Stops the active vibration pattern immediately and cancels any pending steps.

destroy()

Removes DOM elements and frees audio resources. Call this when the instance is no longer in scope, particularly in Svelte components.

setDebug(debug: boolean)

Enables or disables audio debug mode at runtime.

setShowSwitch(show: boolean)

Shows or hides the haptic toggle switch at runtime.

Static Property

WebHaptics.isSupported

A static boolean. Returns true when the browser supports the Vibration API.

Built-in Presets

PresetPatternDescription
success[{ duration: 50 }, { delay: 50, duration: 50 }]Two short taps indicating a completed action.
nudge[{ duration: 80, intensity: 0.8 }, { delay: 80, duration: 50, intensity: 0.3 }]A strong tap followed by a lighter tap.
errorThree iterations of { duration: 50, intensity: 0.75 }Three sharp taps signaling a failure or error state.
buzz[{ duration: 1000, intensity: 1 }]A single sustained one-second vibration.

Related Resources

  • Vibration API (MDN): The browser specification that WebHaptics wraps. Read this to understand device compatibility and raw pattern syntax.

FAQs

Q: Does WebHaptics work on iOS Safari?
A: No. Apple does not implement the Vibration API in Safari or any iOS browser.

Q: Can I use a custom pattern with the React hook?
A: Yes. The trigger function returned by useWebHaptics accepts the same input types as the vanilla class, including number, number[], Vibration[], and a full HapticPreset object.

Q: When should I call destroy in Svelte vs. React?
A: In Svelte, call destroy inside onDestroy because the library creates DOM elements internally. In React, the useWebHaptics hook manages its own cleanup automatically on unmount.
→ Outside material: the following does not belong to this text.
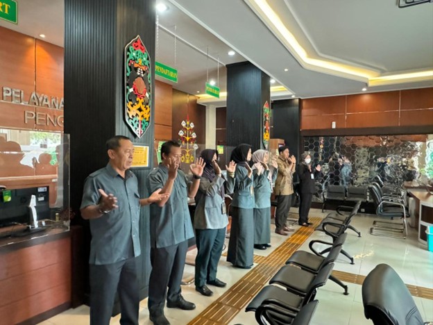 Internalisasi Budaya Kerja, Petugas PTSP PA Palangka Raya Rutin Gembungkan Semangat Melalui Yel-Yel “BAHALAP”

Q: How do I test haptic patterns on a laptop?
A: Pass debug: true to the constructor or call setDebug(true) at runtime. The library substitutes vibration with audio cues so you can hear the timing and intensity of each step.

Q: Can I adjust intensity per vibration step?
A: Yes. Pass a Vibration[] array where each element has its own duration, optional delay, and optional intensity value between 0 and 1. The top-level options.intensity in trigger overrides the intensity for the entire pattern if set.